TypeScript class implements class with private functions
The current solution with out-of-the-box support from Typescript is simply
class A {
private f() { console.log("f"); }
public g() { console.log("G"); }
}
class B implements Pick<A, keyof A> {
public g() { console.log("g"); }
}
Explanation: keyof A
only returns public properties (and methods) of A
, and Pick
will then down trim A
to only its public properties and their respective type.
The issue Microsoft/TypeScript#18499 discusses why private members are required when determining compatibility. The reason is: class private members are visible to other instances of the same class.
One remark by @RyanCavanaugh is particularly relevant and illuminating:
Allowing the private fields to be missing would be an enormous problem, not some trivial soundness issue.
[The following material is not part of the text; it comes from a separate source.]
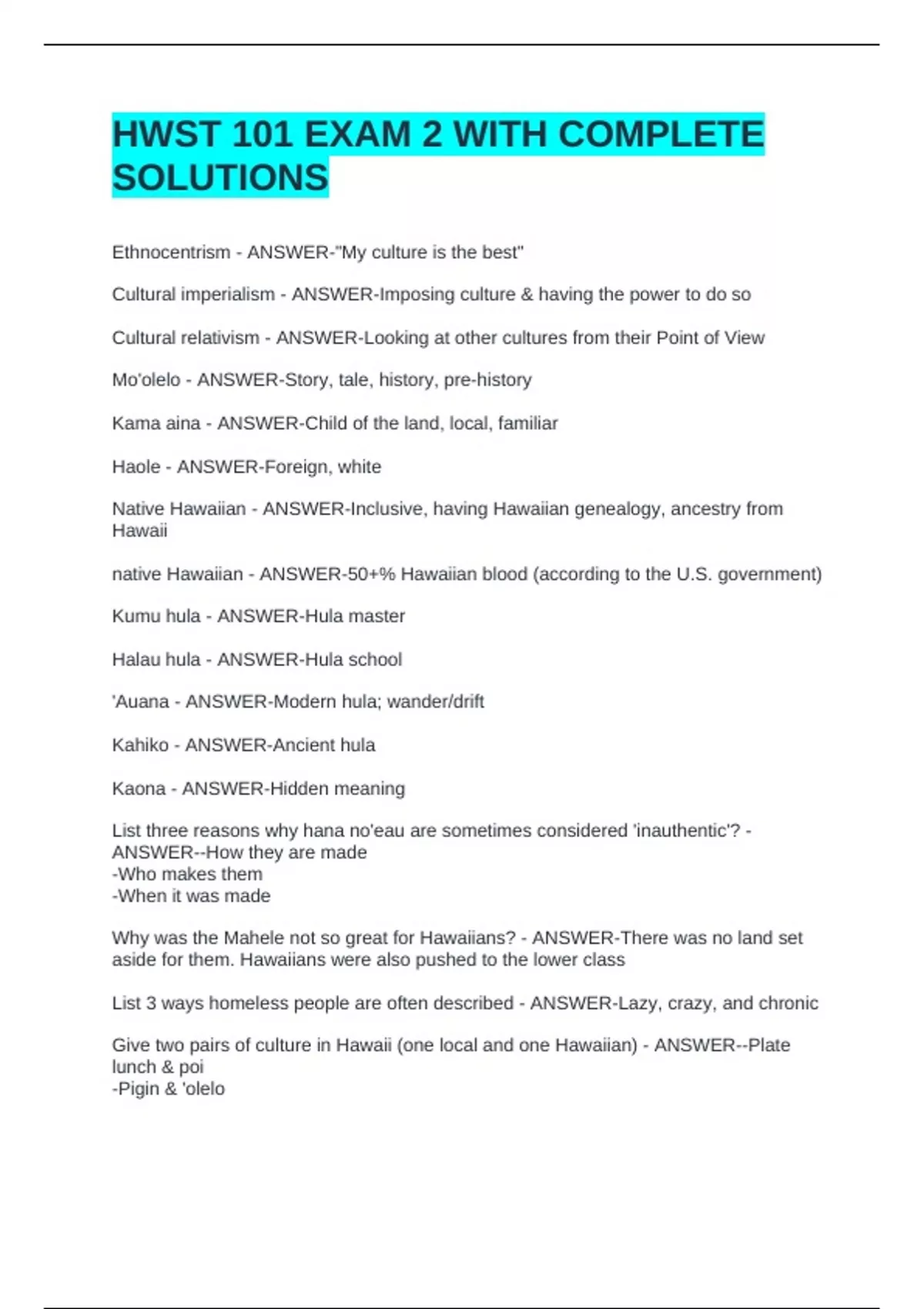 Native Hawaiian - ANSWER-Inclusive, having Hawaiian genealogy, ancestry from

Consider this code:class Identity { private id: string = "secret agent"; public sameAs(other: Identity) { return this.id.toLowerCase() === other.id.toLowerCase(); } } class MockIdentity implements Identity { public sameAs(other: Identity) { return false; } }
MockIdentity
is a public-compatible version ofIdentity
but attempting to use it as one will crash insameAs
when a non-mocked copy interacts with a mocked copy.
Just to be clear, here's where it would fail:
const identity = new Identity();
const mockIdentity = new MockIdentity();
identity.sameAs(mockIdentity); // boom!
So, there are good reasons why you can't do it.
As a workaround, you can pull out just the public properties of a class with a mapped type like this:
type PublicPart<T> = {[K in keyof T]: T[K]}
And then you can have B
implement not A
but PublicPart<A>
:
class A {
private f() { console.log("f"); }
public g() { console.log("G"); }
}
// works
class B implements PublicPart<A> {
public g() { console.log("g"); }
}
Hope that helps; good luck!